← All Articles

Tool Loops: Multi-Step and Parallel Calls

One tool call rarely finishes the job. Real workflows chain calls, run them in parallel, and recover from intermediate failures. The loop terminates when the model stops asking for tools, and that condition is the simplest definition of an agent we have.

In Brief

The function-calling primitive covered in the previous article handles a single round trip: model emits a tool call, runtime executes it, result returns, model produces text. Production systems almost never look like that. They iterate. The model issues a call, sees the result, decides whether the task is complete, and either responds or calls another tool. The loop terminates when the model produces a text-only message with no further tool calls. That probabilistic stopping condition is what makes the construct an agent rather than a script, and it is also what makes it brittle.

This article walks the four-move cycle in detail, contrasts sequential and parallel call patterns, catalogs five distinct failure modes that any robust runtime must handle, and discusses when to terminate the loop and how to keep it from running away with the budget. The argument is that even sophisticated agentic loops are still while-loops with a probabilistic termination condition.
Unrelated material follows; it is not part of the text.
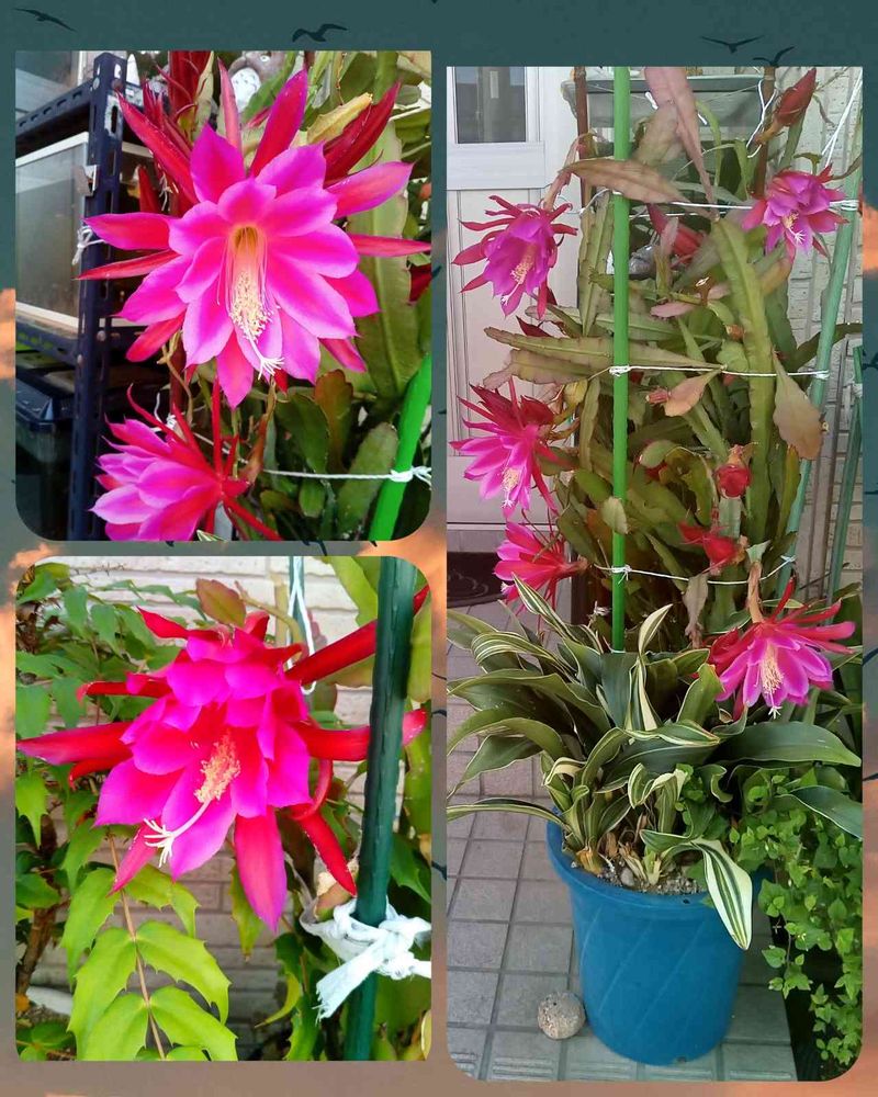 散策の帰り道、通り道のお宅の玄関前に、鮮やかに彩る、クジャクサボテンです。
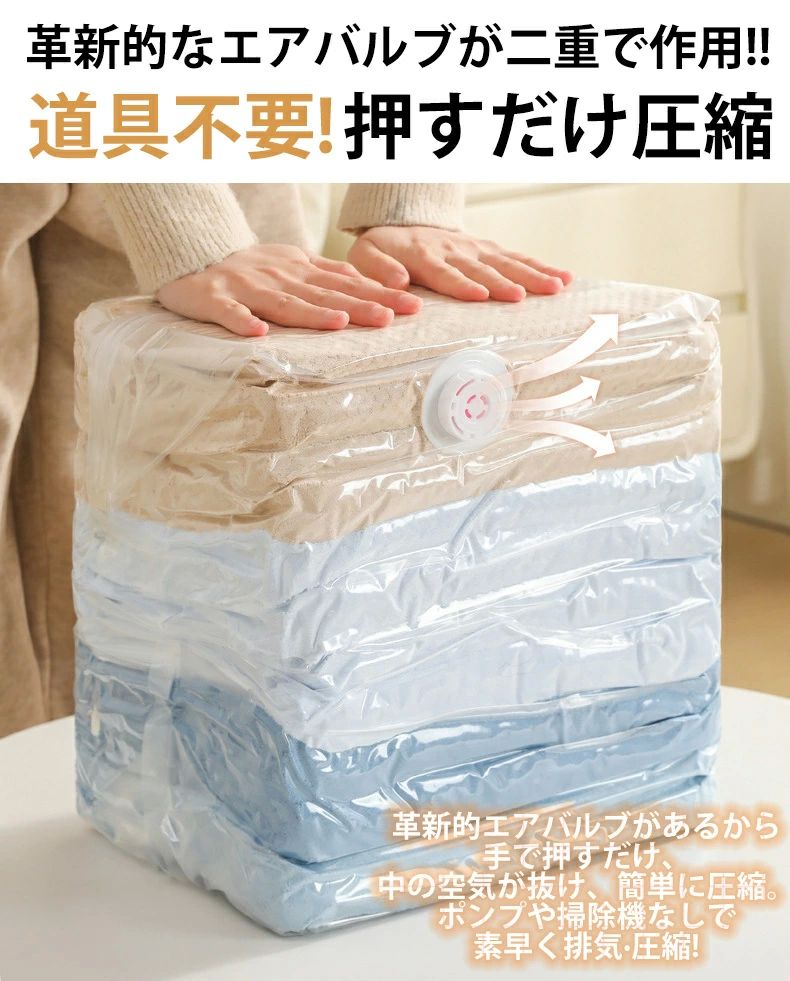 ポンプ不要 防カビ カビ対策 掃除機不要 立体圧縮袋 衣類圧縮袋 衣類ケース 収納袋 圧縮ボックス 衣類 押すだけ 圧縮袋 4サイズ

Treating them that way (with retry caps, budgets, idempotency, and explicit error handling) is what separates a working demo from a system you can trust.

From One Call to Many

The single-turn function call covered in How Function Calling Actually Works establishes the primitive. The model is given a tool definition, decides whether the user's request needs that tool, and if so, emits a JSON object that names the tool and its arguments. The runtime executes the tool. The result returns. The model produces a final text answer. One round trip, one decision, one result.¹

That shape is enough for a weather lookup or a unit conversion. It is not enough for almost anything else. Consider a slightly larger task: find the entry for "Earth" in the Hitchhiker's Guide to the Galaxy, check whether it has been updated to reflect the planet's recent unscheduled demolition, and if so, return the new entry alongside the old one for comparison. That request needs at least three tool calls. The first looks up the entry by name. The second checks the revision history. The third fetches a specific prior revision by ID. Each call depends on the previous one's result, and the IDs cannot be guessed in advance.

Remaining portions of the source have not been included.